● **Task to carry out**
Please retype the records below exactly, from the first line through the line containing "天津市河西區疾控中心核酸檢測實驗室工作人員在病毒檢測中進行核酸提取。新華社發", and leave out any pictures.
========================================
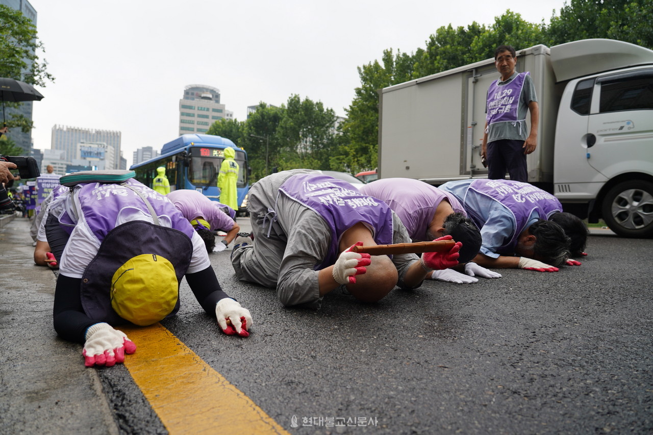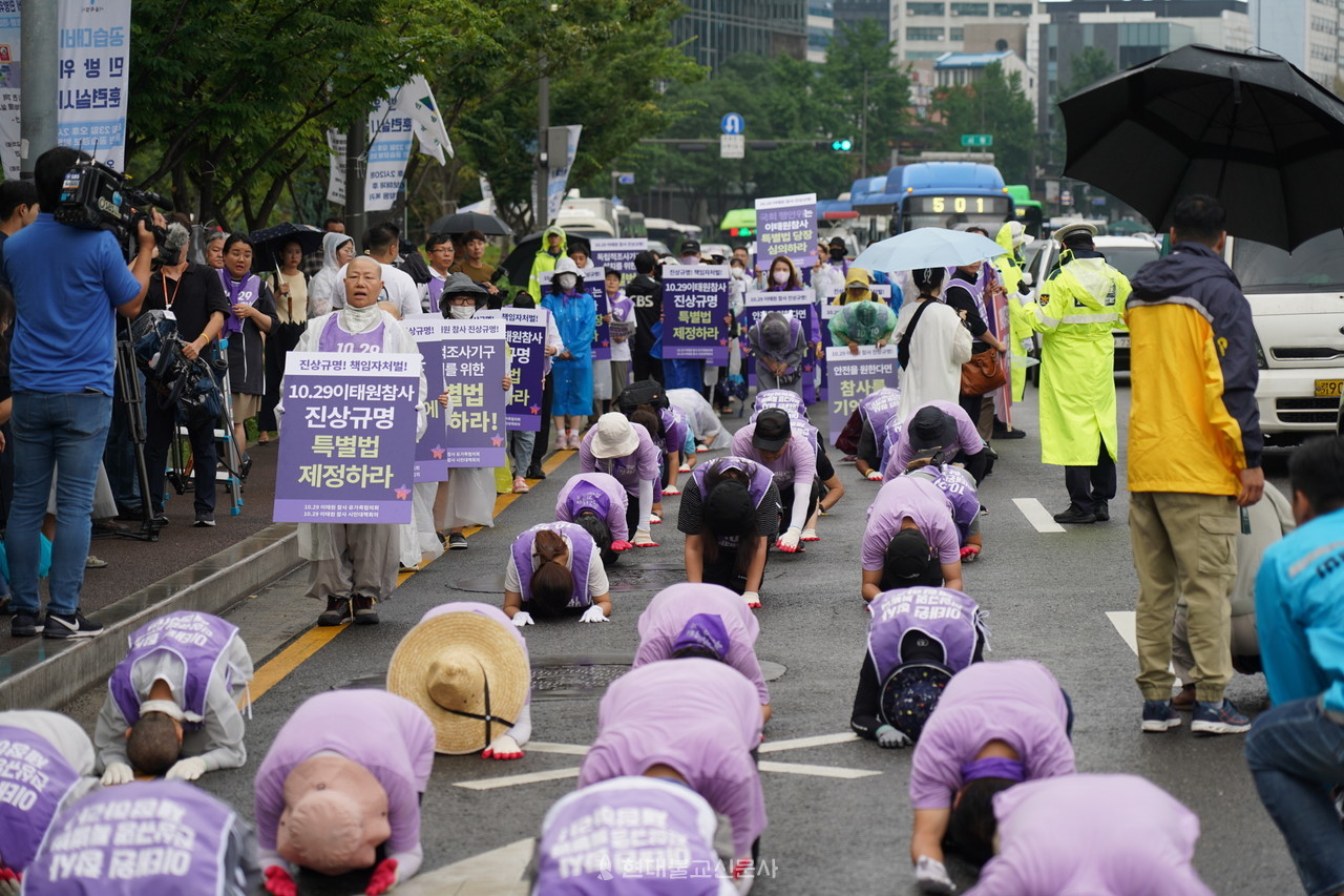 8월 22일 오전 10시 29분, 스님과 신부, 교무 등 종교인과 시민들이 빗방울로 젖은 아스팔트 위에 엎드렸다. 10.29 이태원 참사 300일을 앞두고 특별법 제정을 촉구하는 연대행렬이다.
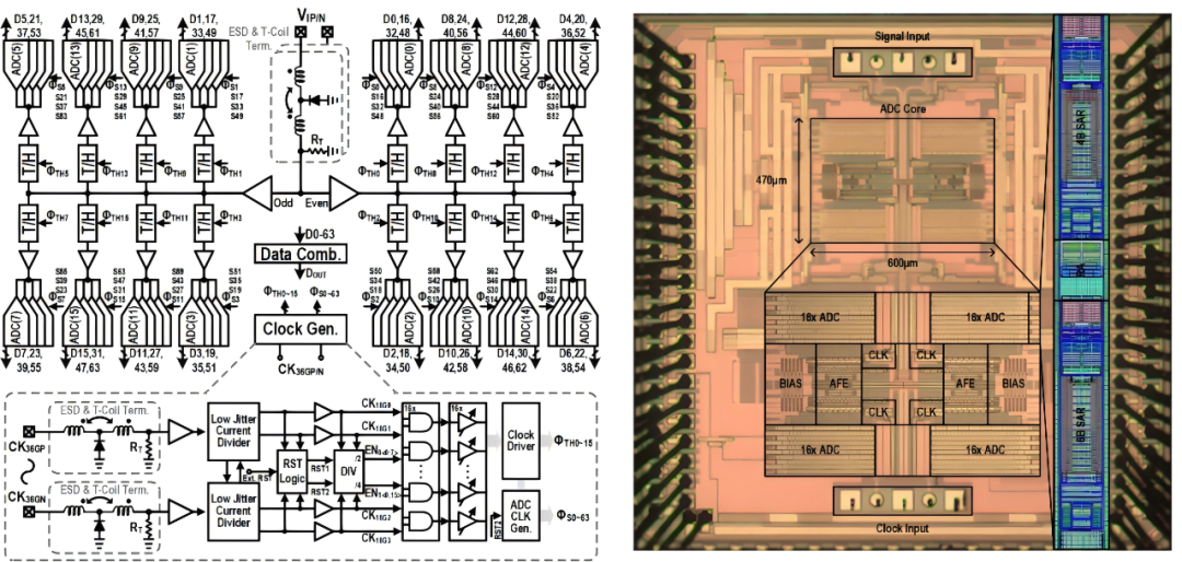澳门大学陈知行、张明磊团队在国际上首次成功突破高速ADC在宽频输入下的性能瓶颈,成功实现了72 GS/s 9b时间交织流水线辅助SAR ADC。通过引入交流交叉耦合与高频自适应补偿机制和双路径自举开关在宽带范围内实现高线性度模拟前端,结合基于电阻网络的开环残差放大器构建的ADC,为下一代光通信所需高速及高精度信号采集提供了解决方案。
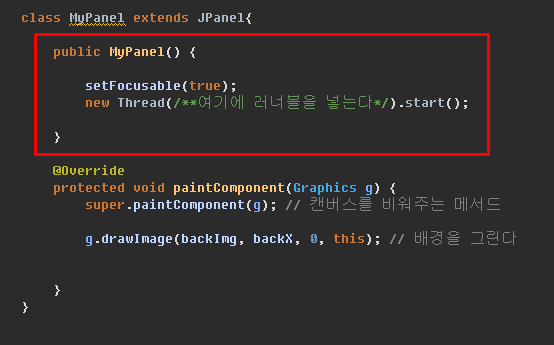 JPanel을 상속받아서 새로운 패널 클래스를 만들 것이다.
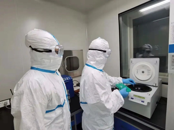 天津市河西區疾控中心核酸檢測實驗室工作人員在病毒檢測中進行核酸提取。新華社發
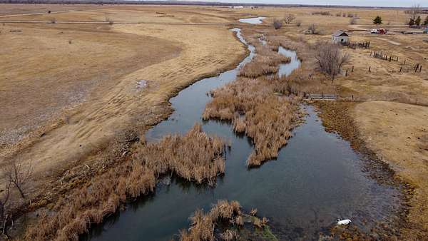 The property features two separate creeks that converge on the tract, creating an outstanding slough and creek system that provides consistent open water and habitat throughout the entire waterfowl season. Ducks utilize the slough system season-long, while Canada geese frequent the surrounding pastures and creek corridors for daily loafing, offering truly world-class decoying opportunities.
========================================
● **Response to this exercise**
 8월 22일 오전 10시 29분, 스님과 신부, 교무 등 종교인과 시민들이 빗방울로 젖은 아스팔트 위에 엎드렸다. 10.29 이태원 참사 300일을 앞두고 특별법 제정을 촉구하는 연대행렬이다.
澳门大学陈知行、张明磊团队在国际上首次成功突破高速ADC在宽频输入下的性能瓶颈,成功实现了72 GS/s 9b时间交织流水线辅助SAR ADC。通过引入交流交叉耦合与高频自适应补偿机制和双路径自举开关在宽带范围内实现高线性度模拟前端,结合基于电阻网络的开环残差放大器构建的ADC,为下一代光通信所需高速及高精度信号采集提供了解决方案。
 JPanel을 상속받아서 새로운 패널 클래스를 만들 것이다.
 天津市河西區疾控中心核酸檢測實驗室工作人員在病毒檢測中進行核酸提取。新華社發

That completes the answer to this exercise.